··· Data provided

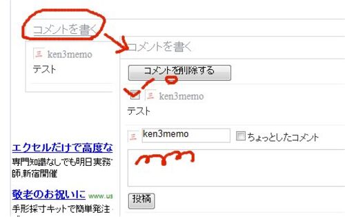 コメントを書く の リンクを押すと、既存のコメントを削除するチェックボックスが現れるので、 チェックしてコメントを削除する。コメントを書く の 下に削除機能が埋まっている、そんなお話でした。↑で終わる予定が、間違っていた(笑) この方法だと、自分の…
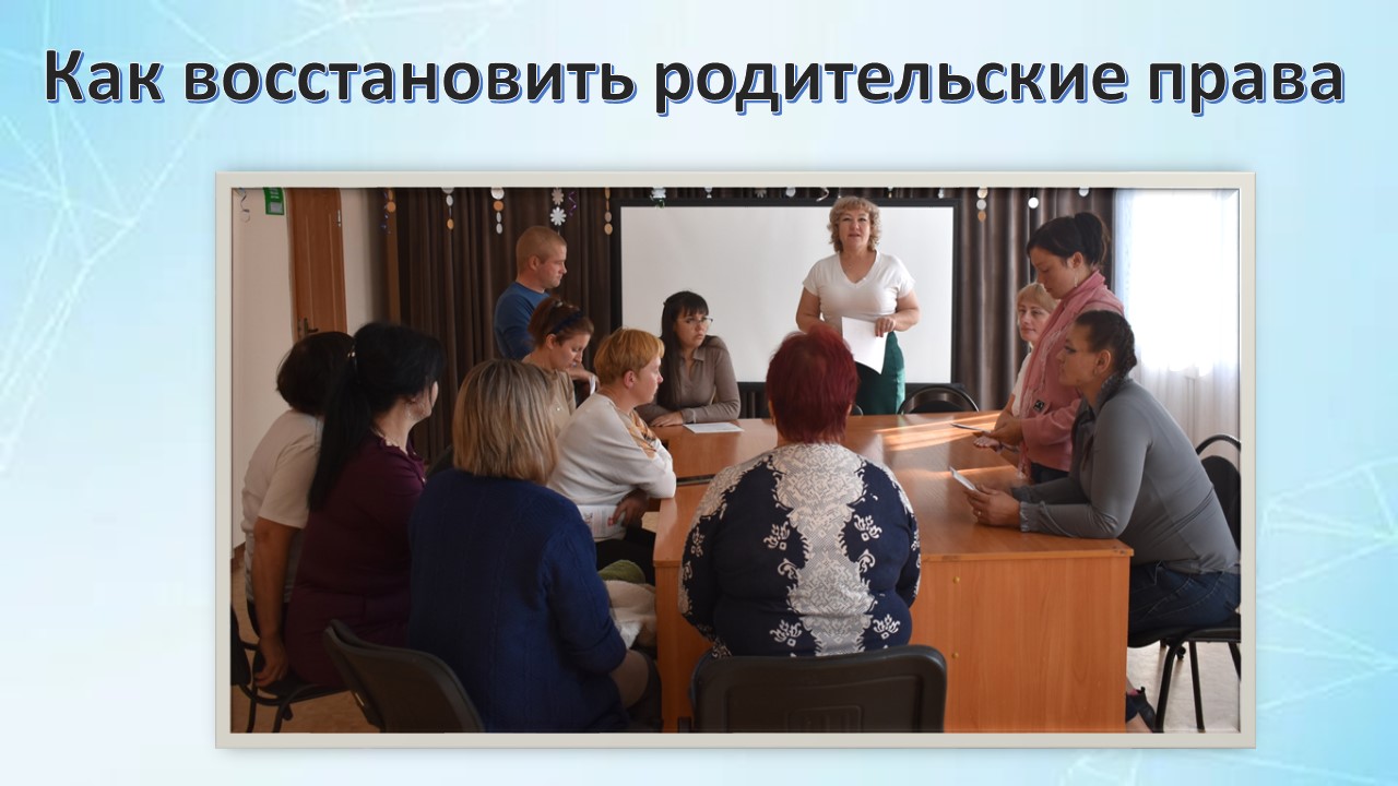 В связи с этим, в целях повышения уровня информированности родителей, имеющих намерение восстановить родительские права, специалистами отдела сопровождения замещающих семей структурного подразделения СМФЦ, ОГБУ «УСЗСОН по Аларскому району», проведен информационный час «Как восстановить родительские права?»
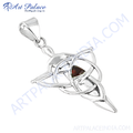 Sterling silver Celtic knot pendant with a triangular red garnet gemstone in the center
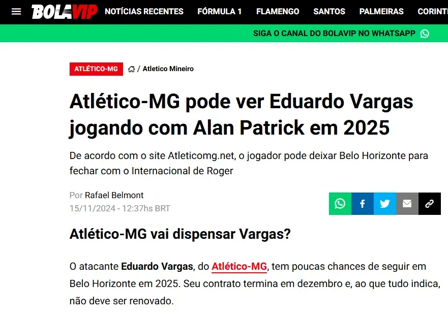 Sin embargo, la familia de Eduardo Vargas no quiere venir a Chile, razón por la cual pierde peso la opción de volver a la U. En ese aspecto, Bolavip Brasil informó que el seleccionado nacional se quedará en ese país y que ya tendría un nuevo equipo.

······
··· Data provided

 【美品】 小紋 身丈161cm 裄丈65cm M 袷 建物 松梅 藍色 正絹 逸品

······

# What is required:
Every line above in the stretch from the one with "コメントを書く の リンクを押すと、既存のコメントを削除するチェックボックスが現れるので、" through the one with "Sin embargo, la" is to be transcribed exactly, ends included. No picture is copied.

# Your solution:
 コメントを書く の リンクを押すと、既存のコメントを削除するチェックボックスが現れるので、 チェックしてコメントを削除する。コメントを書く の 下に削除機能が埋まっている、そんなお話でした。↑で終わる予定が、間違っていた(笑) この方法だと、自分の…
 В связи с этим, в целях повышения уровня информированности родителей, имеющих намерение восстановить родительские права, специалистами отдела сопровождения замещающих семей структурного подразделения СМФЦ, ОГБУ «УСЗСОН по Аларскому району», проведен информационный час «Как восстановить родительские права?»
 Sterling silver Celtic knot pendant with a triangular red garnet gemstone in the center
 Sin embargo, la familia de Eduardo Vargas no quiere venir a Chile, razón por la cual pierde peso la opción de volver a la U. En ese aspecto, Bolavip Brasil informó que el seleccionado nacional se quedará en ese país y que ya tendría un nuevo equipo.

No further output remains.